==== RAW DATA

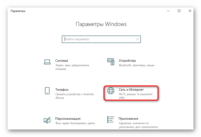 - Для этого через меню «Параметры»перейдите в «Сеть и Интернет».
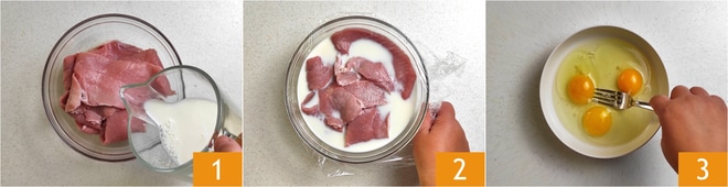 Para preparar las chuletas al horno, lo primero que deben hacer es colocar los filetes de carne en un bol grande y verter la leche por encima 1. Cubran con film transparente 2 y dejen reposar en el frigorífico durante 30 minutos. Mientras tanto, rompan los huevos en un plato, añadan sal y bátanlos con un tenedor 3.
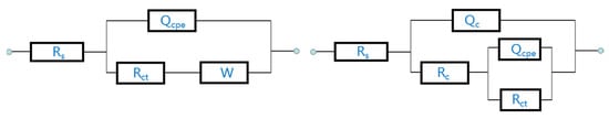The exposure periods contain one distinct half-semi-circle loop in the Nyquist plots at a higher studied frequency and a small tail at a lower studied frequency (Figure 6 and Figure 7). The lower frequency plots are attributed to the deposition of corrosion products on the surface after the reaction of the coating with the solution at the coating/solution interface. This can be protective and contribute to reducing the active surface area of the coating. Furthermore, the thickening of corrosion products simultaneously occurs when the coating begins to dissolve after exposure to the solution. Initially, the corrosion products can be porous/defective and thereby allow the ingress of aggressive ions from the solution toward the coating surface and result in the formation of corrosion products. When the duration of exposure periods increases, the thickness of corrosion products increases, and thus the dimensions of semi-circle loops increase and improve the corrosion resistance. The coating contains Al and Zn, which are active metals for dissolution, and begins to corrode after exposure to the Cl− solution.

========

→ **EXERCISE DESCRIPTION**
Only the lines from the top of the data through the line with "Para preparar las" should be quoted, exactly and with both ends kept; skip the pictures.

→ **ANSWER SECTION**
 - Для этого через меню «Параметры»перейдите в «Сеть и Интернет».
 Para preparar las chuletas al horno, lo primero que deben hacer es colocar los filetes de carne en un bol grande y verter la leche por encima 1. Cubran con film transparente 2 y dejen reposar en el frigorífico durante 30 minutos. Mientras tanto, rompan los huevos en un plato, añadan sal y bátanlos con un tenedor 3.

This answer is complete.